Here are New Mexico’s top 10 girl names and top 10 boy names of 2018:

Girl Names
1. Isabella
2. Mia
3. Sophia
4. Olivia
5. Emma
6. Sofia
7. Ava
8. Amelia
9. Camila
10. Mila

Boy Names
1. Noah
2. Liam
3. Elijah
4. Logan
5. Mateo
6. Daniel
7. Mason
8. Sebastian
9. Benjamin
10. Julian

In the girls’ top 10, Sofia, Amelia, Camila, and Mila replace Aria, Emily, Aurora, and Charlotte.

In the boys’ top 10, Mason, Sebastian, Benjamin, and Julian replace Santiago, Ezekiel, Josiah, and Michael.

(These rankings are based on provisional data covering the year up to mid-December.)

In 2017, the top two names in New Mexico were Sophia and Noah.

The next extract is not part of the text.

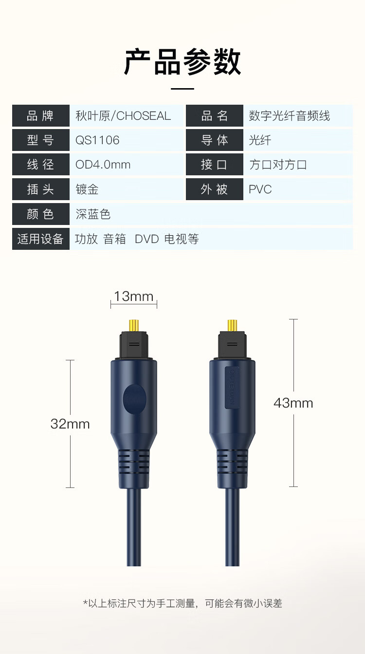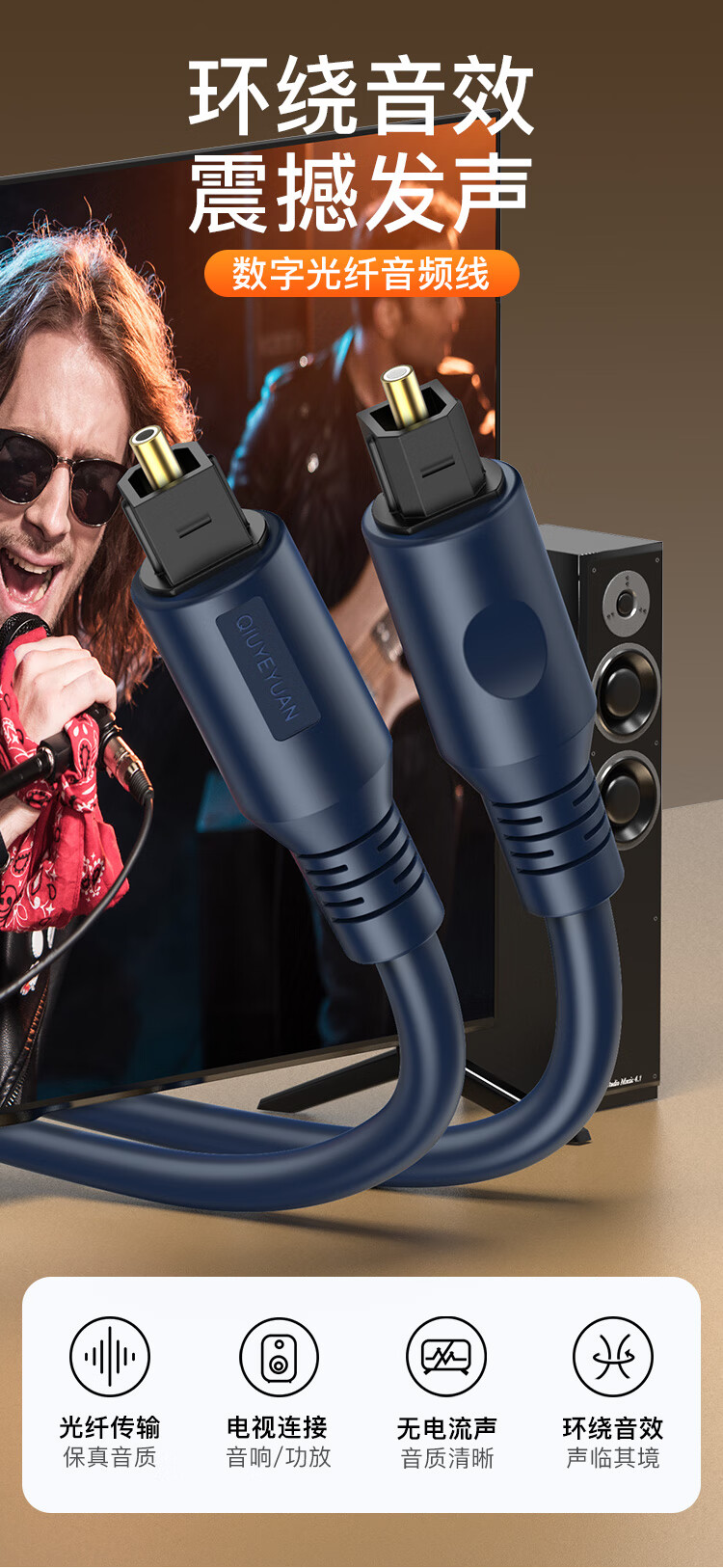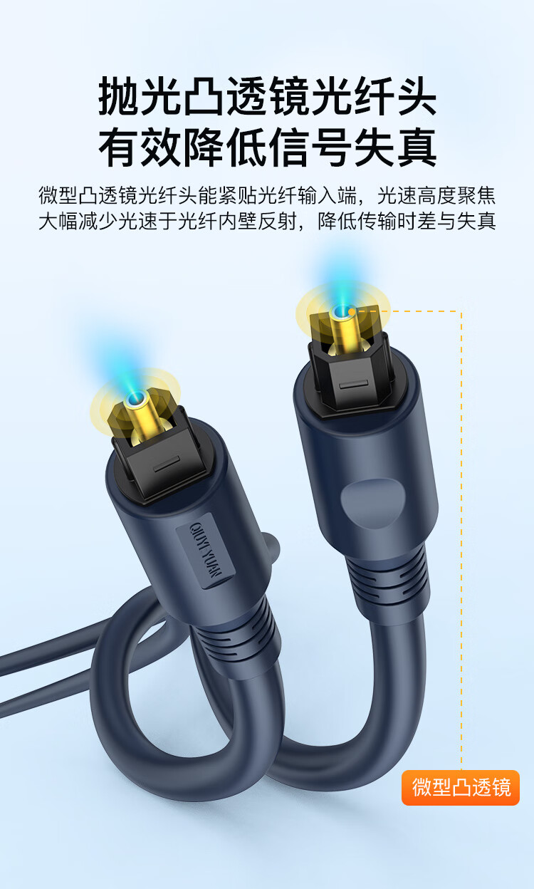 秋叶原(CHOSEAL)数字光纤音频线 电视DVD投影仪功放机顶盒影院 spdif多声道方口音响连接线1米 QS1101T1
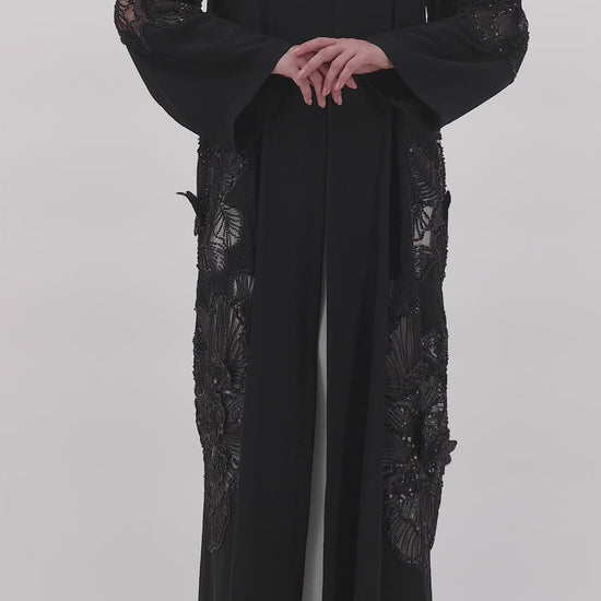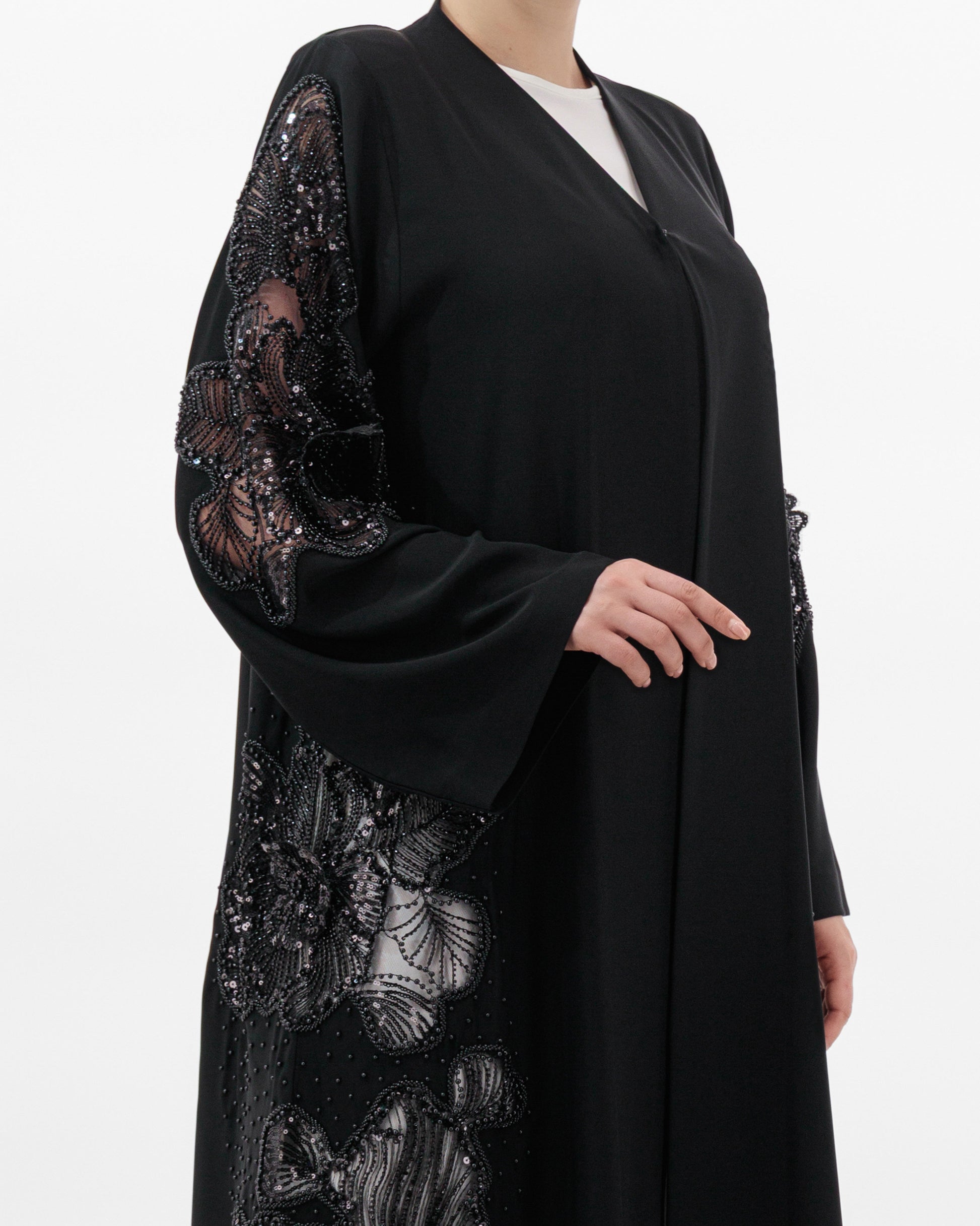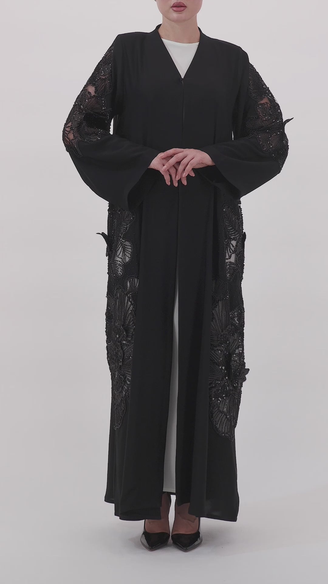 Crafted from luxurious Italian crepe, this timeless black abaya is elevated with intricate hand embellishments along the sleeves and lower panels. Each floral motif is delicately beaded and embroidered to create a dimensional play of texture and light, perfect for evening gatherings and special occasions. The fluid drape and understated silhouette bring a graceful balance between sophistication and allure, making it an enduring statement of refined elegance.

Source: Top New Mexico Baby Names in 2018

Popular Baby Names in Italy, 2017

According to Italy’s Istituto Nazionale di Statistica, the most popular baby names in the country in 2017 were Sofia and Francesco.

Here are Italy’s top 10 girl names and top 10 boy names of 2017:

Girl Names
1. Sofia, 7,173 baby girls
2. Giulia, 6,143
3. Aurora, 5,808
4. Alice, 3,691
5. Ginevra, 3,564
6. Emma, 3,525
7. Giorgia, 3,474
8. Greta, 3,270
9. Martina, 3,129
10. Beatrice, 2,970

Boy Names
1. Francesco, 7,209 baby boys
2. Leonardo, 6,622
3. Alessandro, 5,987
4. Lorenzo, 5,789
5. Mattia, 5,715
6. Andrea, 5,322
7. Gabriele, 5,129
8. Riccardo, 4,336
9. Matteo, 4,072
10. Tommaso, 4,020

In the girls’ top 10, Beatrice replaces Chiara (now 12th). Also notable is the fact that the top 10 again includes a total of four g-names. (In the U.S., on the other hand, there are only four g-names — Grace, Genesis, Gabriella, and Gianna — in the entire top 100.)

On the boys’ side, further down, Kevin is hanging on at #50.

Source: How many babies are named…? (Istat)

Popular Baby Names in Alaska, 2017

According to Alaska’s Department of Health and Social Services, the most popular baby names in the state in 2017 were Emma and James.

Here are Alaska’s top 10 girl names and top 10 boy names of 2017:

Girl Names
1. Emma
2. Olivia
3. Aurora
4. Isabella
5. Evelyn and Sophia (tied)

Boy Names
1. James
2. Liam
3. William and Wyatt (tied)
4. Noah and Oliver (tied)
5. Logan

In the girls’ top 5, Isabella and Evelyn replace Amelia, Charlotte, and Abigail.

In the boys’ top 5, Wyatt and Noah replace Joseph.

Alaska is the only state in which fast-rising Aurora is a top-5 baby name. (Aurora is also popular in Italy.)